Super Bowl 54: Dave Barry talks about seeing JLo, Shakira and an inflatable Giant Poo

If you have any doubt that Miami is the center of the celebrity universe this week, consider this: In a single afternoon, only an hour apart, I found myself in close proximity to Jennifer Lopez, Shakira and an inflatable Giant Poo. In fact — prepare to be jealous — I was actually inside the Giant Poo.

I will have more on that life-changing experience later, but first I want to talk about hanging out with Jennifer Lopez (a.k.a. “J. Lo”) and Shakira (a.k.a. “Shakira”). These two superstars will be performing in The Pepsi Super Bowl Pepsi Halftime Pepsi Show Sponsored By Pepsi. Pepsi is the Official Soft Drink of the National Football League, not to be confused with Gatorade, which is the Official Sports Drink of the NFL; or Bud Light, which is the Official Beer of the NFL Even Though Light Beer Sucks; or something called “Bon & Viv,” which is the Official Hard Seltzer of the NFL, not to be confused with the Official Wine of the NFL, which comes in a can and is called “Babe.” Really.

I caught up with J. Lo and Shakira downtown at the Hilton Hotel, just the three of us hanging out casually in a ballroom along with several hundred media and Pepsi people all taking iPhone videos.
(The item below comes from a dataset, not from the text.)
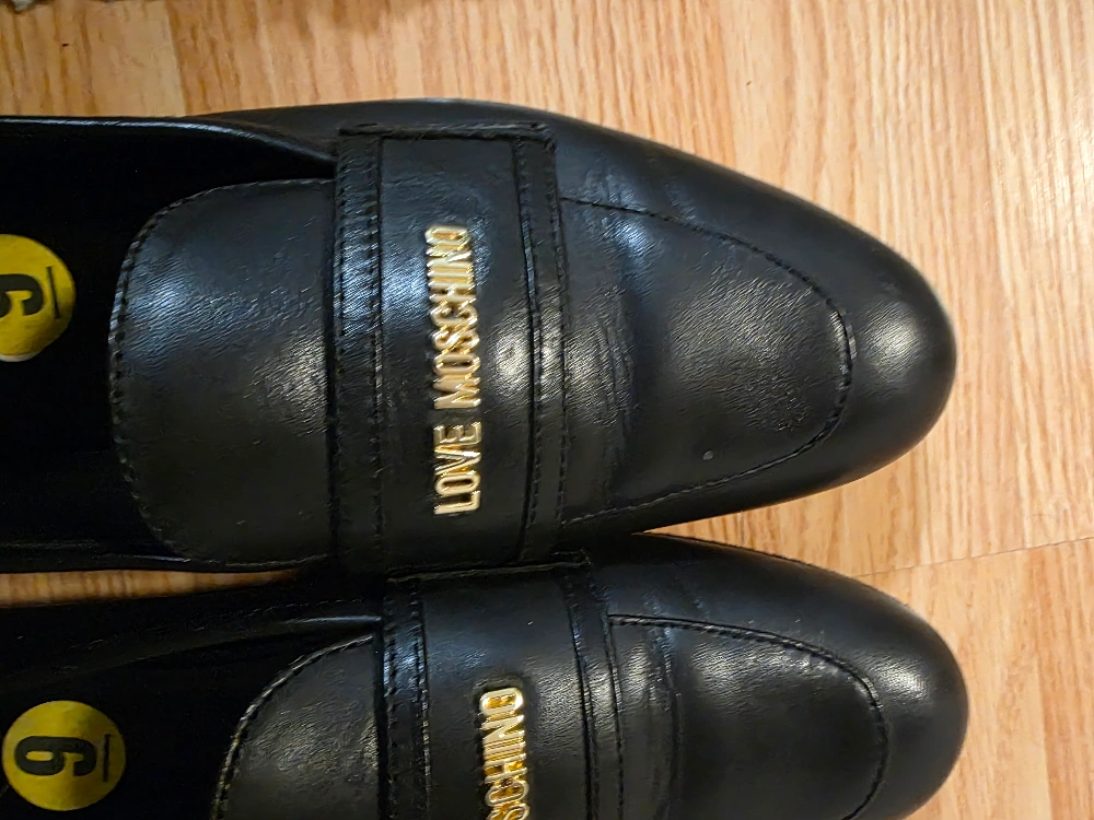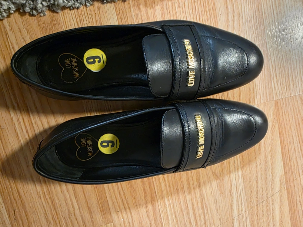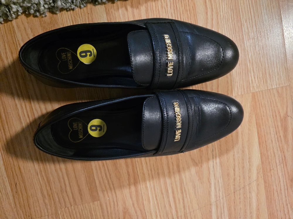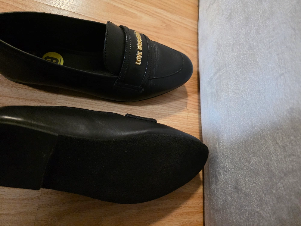 Selling a pair of Love Moschino loafers in black. They are a size 9. The shoes have the Love Moschino logo on the front strap. They are in good condition and ready for a new home!

J. Lo and Shakira were introduced by a high-ranking Pepsi marketing nebbish who said that this year’s halftime show — this is an actual quote — “just might be the most fun and entertaining 12 minutes this world has ever seen.”

That’s a bold statement, considering that this world has seen some pretty darned entertaining things, such as the legendary 1965 segment on the Johnny Carson show — check it out on YouTube — in which Ed Ames threw a tomahawk at a cowboy-shaped target, and it stuck in the groin at such an angle that the cowboy appeared to be rootin’ and just about to start tootin’, if you catch my drift. THAT was entertainment.
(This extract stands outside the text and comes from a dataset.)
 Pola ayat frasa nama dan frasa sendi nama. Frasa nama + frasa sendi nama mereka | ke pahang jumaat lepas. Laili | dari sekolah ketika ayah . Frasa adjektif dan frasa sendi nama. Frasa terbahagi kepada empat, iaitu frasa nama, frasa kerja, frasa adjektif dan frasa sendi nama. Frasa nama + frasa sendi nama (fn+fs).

So the bar has been set high for J. Lo and Shakira, but they are smart, personable women, and they promised to put on a fun halftime show, featuring singing and dancing, and maybe some surprises. At the end of their press conference they tossed footballs to the crowd, and, based on their throwing form, we should pray that the halftime surprises do not include tomahawks.

From there I went to Wynwood, which is an arty neighborhood in the sense that every square inch of everything is covered with paint. If you fall asleep on a bus bench in Wynwood, you will wake up a completely different color.

I was there to see the inflatable Giant Poo, which is sponsored by Poo-Pourri, a product that reduces bathroom odors. For the record, the Giant Poo is NOT the Official Poo of the NFL; that would be Bill Belichick. But the Giant Poo is very impressive in its own right. It’s 34 feet tall, and when you go inside you have a three-minute poo experience, where you sit on one of eight iPad-equipped commode seats (I swear I am not making this up) and watch a video in which a woman named Bethany in a cocktail dress urges you to write your negative thoughts on the iPad and flush them away. When you pull a flush chain, your negative thoughts disappear, you feel a puff of air on the back of your neck, the toilet seat vibrates and spacey music plays as Bethany delivers an inspirational closing speech. I can honestly say I have never experienced anything like it.

I spoke with a spokesperson for the Giant Poo, Rachel Champlin, who told me that it’s on a 22-city tour, and the poo experience has been quite popular. “In Orlando,” she said, “we had a two-hour wait.”

If that doesn’t epitomize Orlando, I don’t know what does.

Several pro-football players were scheduled to make personal appearances with the Giant Poo in Miami. The first was Mark Ingram Jr., a Pro Bowl running back with the Baltimore Ravens who won the Heisman Trophy in 2009. I went through the poo experience with Ingram, and he seemed to enjoy it. I asked him how it compared with winning the Heisman.

”It’s cool,” he said, demonstrating the elusiveness of a veteran running back.

From the Giant Poo I walked about a block to the Butcher Shop Beer Garden and Grill, where Nick Mangold, former center for the New York Jets, was giving a demonstration on how to cook with a Bernzomatic blowtorch. According to Bernzomatic spokesperson Heather Reeves, blowtorch cooking is an actual thing, pioneered in the Sixties by the late, great Julia Child, who played linebacker for the Vikings.

Mangold was blowtorching pork sliders, which for the record were delicious. I asked him if it was a good idea to encourage people, especially people who may have been consuming Official NFL Beverages, to be operating blowtorches. Mangold pointed out to me that barbecue grills are just as hot as blowtorches. I considered responding that no matter how hammered you get, you can’t wave a barbecue grill around and accidentally set somebody’s hair on fire, but I decided not to, because (a) Mangold’s point was that people need to be responsible, and (b) Mangold is the size of the Lincoln Memorial.

So let’s all enjoy our Super Bowl celebrations, but let’s also be careful. Ed Ames, I am looking at you.